All of this is time consuming. This is not a complaint, preparation is part of the job. If not for time constraints imposed by life, planning would be enjoyable and stress free. Still enjoyable, but often quite stressful as there are always distractions. The time and effort spent planning also leads to me being intimately familiar with the material, a plus. I cannot wait till the night before to plan a lesson as there is too much to do. However, once prepped, these materials are reusable
Were reusable. Disaster finds a new way to plague Kitsune. The audio for Wednesday’s lesson had been changed since I made my preparations. It still covered the same topic and most of the details, but the transcript I printed out and made copies of and likewise the fill in the blank version for listening no longer match the audio on the website. I had encountered this before but found at that time that if I saved the lesson plan on the website, the version I planned for was still accessible even if a name search directed me to a newer version. Not so any more. There is now no way to know if all of the materials I prepared will match the audio currently available online until class time.

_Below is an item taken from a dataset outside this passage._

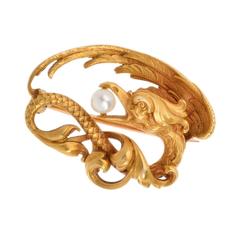 Dragons have long captivated the imagination of all. Mythical beasts, their presence spans eons and cultures throughout the world.Picking up this laden theme, the Art Nouveau jewelers revived this evocative motif. Rendered in 14k yellow gold, the imagery i

Explaining the situation, one student asked why prepare in advance, why not just use what is available online at class time. And there it is; we are being forced to not “waste time” on preparing and learning on our own and instead rely upon our idiot phones and AI for everything. We are subordinating our own intellect, our own ability to learn and store knowledge in our own brains, to our idiot phones.
This was a med student who asked this. A few weeks ago, another med student at a different school fact checked me on whether there are T shirts saying that “Liver is evil, it must be punished” featuring a mug of beer as the punisher. While that was amusing, she found a variety of versions of this, it is also disturbing that she would feel the need to fact check anything, especially during class, and more so with something given out as a joke.
Weeks ago this topic came up on the Clay and Buck show. I do not recall what the subtopic was, but both hosts were unaware that today’s children do not trust anything adults tell them and believe everything their devices tell them. The Kid does this to me all the time. But this has been going for longer than I realized as I now have 1st and 2nd year med students doing so.

On X from time to time , I will say something, and the response is a copy/pasted Grok response. Heck, I even used an AI response in my most recent post about getting blocked on social media. It doesn't surprise me that the first health condition that has"brain fog" as a symptom is Long Covid. Of course it is. Before, it would be diabetes, and other chronic conditions, but now it's all Long Covid. And no one questions it. They think this AI response is the sole supported response. It's not as if programmers are the ones that determine which source is deemed to be "more right than others."
Poe's oft quoted (but not original) applies for your med students, generally:
“The System of Dr. Tarr and Prof. Fether” by Edgar Allan Poe appeared in the November 1845 issue of “Graham’s Magazine”. The tale was set in a private hospital for the mentally ill, and the adage was spoken by the nominal head of the institution.
“You are young yet, my friend,” replied my host, “but the time will arrive when you will learn to judge for yourself of what is going on in the world, without trusting to the gossip of others. Believe nothing you hear, and only one half that you see."